Grok 4.5 costs $2 per million input tokens and $6 per million output tokens. Musk's own benchmark, Claude Opus 4.7, costs $5 input and $25 output per TechCrunch — roughly a 4x gap on output tokens. Bloomberg also reported a faster Grok 4.5 tier at $4 input and $18 output per million tokens for higher-throughput agentic workloads.

What is Grok 4.5's connection to Cursor?

xAI co-trained Grok 4.5 using developer session data from Cursor, the coding assistant SpaceX agreed to acquire for $60 billion weeks earlier. Per Axios, Cursor CEO Michael Truell's team contributed trillions of tokens of real code edits, debugging traces, and agent interactions from the Cursor platform.

Did Grok 4.5 actually beat Claude Opus in independent testing?

Not outright. Grok 4.5 ranked fourth on the Artificial Analysis Intelligence Index — ahead of every open-weight model and all Gemini models — but still behind the top proprietary tier, even as Elon Musk called it an 'Opus-class model, but faster, more token-efficient and lower cost.'

What did Elon Musk actually say about Grok 4.5 versus Opus?
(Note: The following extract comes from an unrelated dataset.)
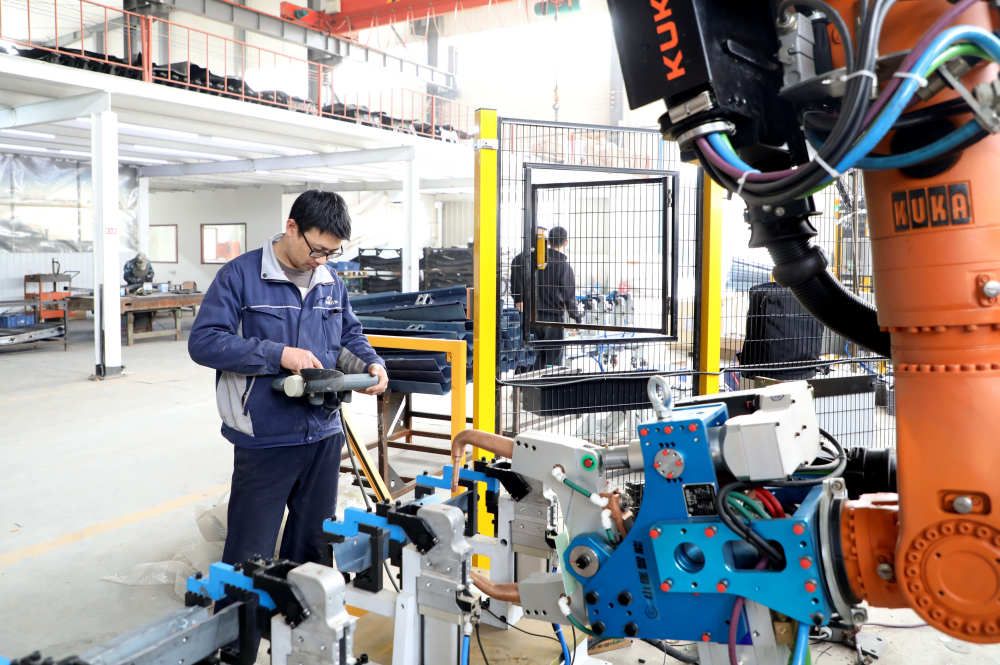 ↑4月24日,在香河縣一家制件企業生產車間內,工人正在操作機器人進行加工作業。(朱鈺爽 攝)

Musk told TechCrunch Grok 4.5 was 'an Opus-class model, but faster, more token-efficient and lower cost,' then added it was 'roughly comparable to Opus 4.7, but much faster' — comparing his new model to Claude Opus 4.7 rather than the newer Opus 4.8 that actually outranks Grok 4.5 on the Artificial Analysis Index.

When and where did Grok 4.5 launch?

Grok 4.5 launched July 8, 2026, in Cursor's desktop, web, iOS, and CLI apps, plus the SpaceXAI console and Grok Build, with broader public availability the next day. Axios reported the model is not yet available to users in the European Union.